Dengan keras ia menepuk-nepuk dadanya yang sakit. Lalu cepat ia menghabiskan teh yang tersisa di gelas.
"Amih pelan-pelan minumnya."
Yasmin tersenyum sambil mengangguk.
"Tapi Amih tidak mimpi apa-apa kok, Bang!" Yasmin mengelak sambil menggeleng.

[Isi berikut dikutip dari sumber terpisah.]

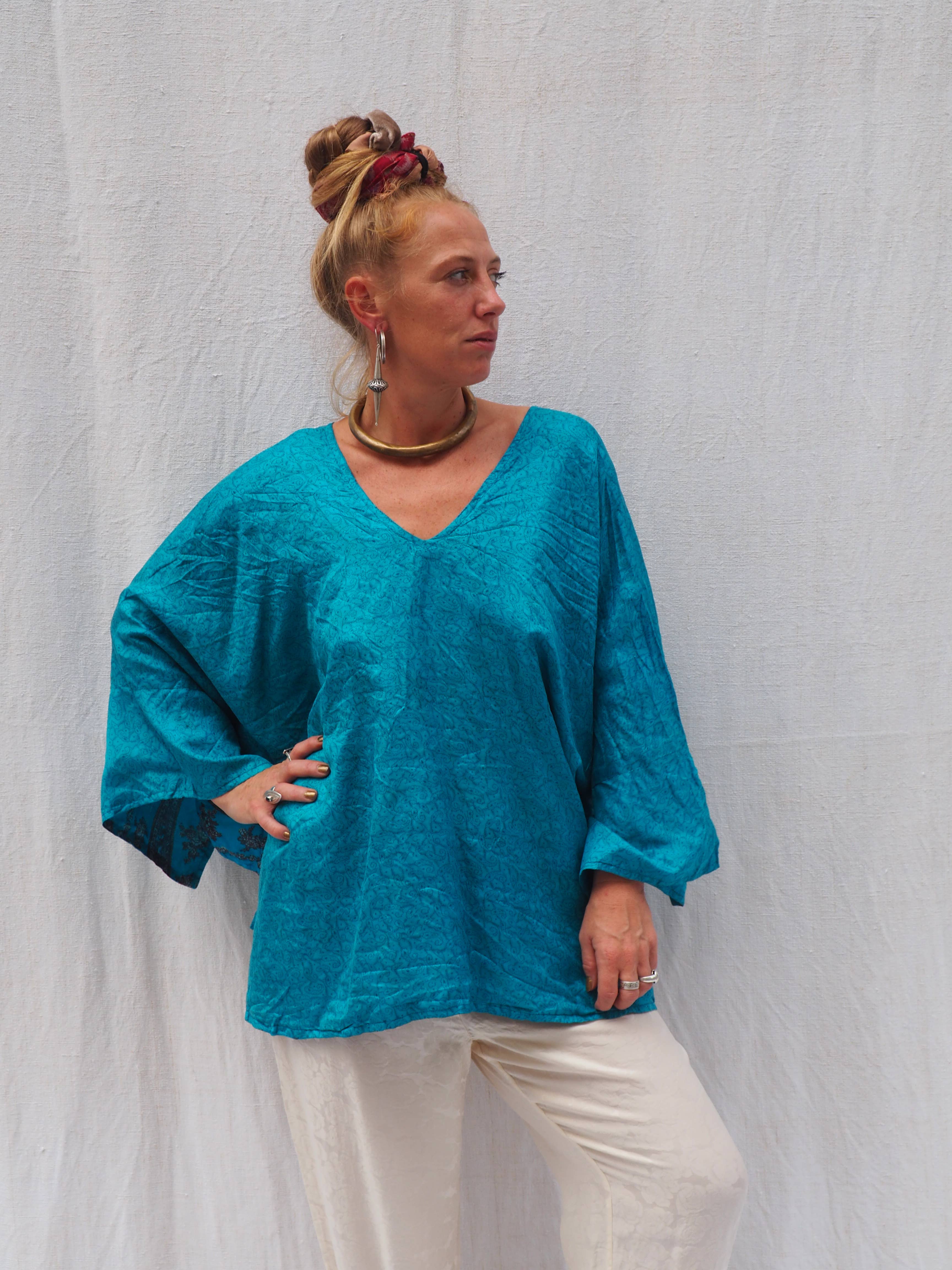 Made in India Aesthetic: Casual and Classic Care instructions: Hand wash Fit: Unisex Neckline: Collared Occasion: Everyday Season: Spring/Summer Sleeve length: Short-sleeve Fabric: Recycled Sari Fabric – A Story of Sustainability, Craftsmanship, and Cultural Heritage Our Recycled Sari Collection is crafted from up-cycled vintage Indian saris, each carrying a rich history, intricate craftsmanship, and a commitment to sustainability. These vibrant fabrics, once worn as traditional garments, are now given a second life in our designs, transforming into unique, one-of-a-kind fashion pieces with a timeless, bohemian elegance. What is Sari Fabric? A sari (or saree) is a traditional South Asian garment worn by women across India, Nepal, Bangladesh, and Sri Lanka. It is a long, flowing piece of fabric—typically 5 to 9 yards long—draped in various styles depending on region and culture. Saris have been worn for centuries and symbolise e heritage, grace, and femininity. The art of sari weaving is deeply rooted in Indian culture, with different regions specializing in specific weaving techniques, embroidery styles, and dyeing methods. These techniques create breathtaking patterns, luxurious textures, and vibrant colour combinations that make each piece truly special. The Materials: Silk, Cotton & High-Quality Synthetics Saris are made from a variety of high-quality fabrics, each with its own distinctive characteristics: Silk Saris – Known for their luxurious feel, soft drape, and intricate woven patterns. High-thread-count silk saris often feature metallic thread work, embroidery, and hand-dyed prints. Cotton Saris – Lightweight, breathable, and perfect for warm climates, often adorned with traditional block prints and natural dyes. Synthetic Blends – High-quality synthetic saris mimic the feel of satin, georgette, or chiffon, offering a soft and silky drape with beautiful fluidity. These are durable, wrinkle-resistant, and add to the versatility of the fabric. Each fabric has been carefully chosen for its rich texture, durability, and ability to be repurposed into stunning new garments. Up-cycling Saris: Giving New Life to Old Fabrics

Ia memang merasa tidak memimpikan siapapun, almarhum suaminya juga sudah tiga hari ini absen tidak hadir di mimpinya.
"Oh gitu. Kirain Abang, Amih mimpiin Abang Jaja." Reza menyeringai. Sambil melanjutkan makannya. Yasmin sudah kehilangan nafsu makan, masa iya dirinya mengigau menyebut nama lelaki itu.

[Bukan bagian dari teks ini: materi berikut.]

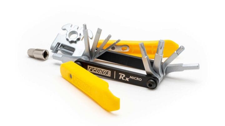 Now Pedro’s has added a 2mm hex wrench to its line of Rx Micro multi-tools, updating the Micro-6, 9, and 20 tools to the Micro-7, 10, and 21 (with each number representing the total number of tools on each one). The Micro-7 includes 2, 3, 4, 5, and 6mm hex wrenches, a T25 Torx, and a flat blade screwdriver. The 10 adds in 2.5mm and 8mm hex wrenches and a T30 Torx. And the 21 adds in a 13-speed chain tool with integrated 7mm and 8mm Flare Box Wrenches, 3.23, 3.30, and 3.45 spoke wrenches, Shimano crank cap tool, and a Presta valve core tool as well as micro tire levers. The micro tire levers are also available separately and can slot around any Rx Micro multi-tool to make a more complete, compact tool kit on the go.

Selesai sarapan, Yasmin pun mengantar Reza ke sekolah. Hari ini dia mengendarai mobil Pajero keluaran terbaru untuk beraktifitas. Ada tiga mobil di rumahnya dan semua sudah atas namanya. Suaminya yang memberikan. Rumah, pabrik, restoran bahkan lima pintu kontrakan semua atas namanya. Yasmin hidup bergelimang harta peninggalan suaminya, untuk itu begitu banyak pria yang berusaha mendekatinya.
****
"Kamu yakin bisa menaklukan hati Yasmin?" tanya seorang pria berambut putih pada anak sulungnya.
"Bisa, Pa. Papa harus percaya Dimas. Jikalau tidak berhasil, kita gunakan cara sedikit licik, bolehkan, Pa?" Lelaki tinggi tampan itu menyeringai jahat.
"Boleh saja, tapi harus cantik. Dan, yang terpenting semua aset Harisman berpindah kepada kita."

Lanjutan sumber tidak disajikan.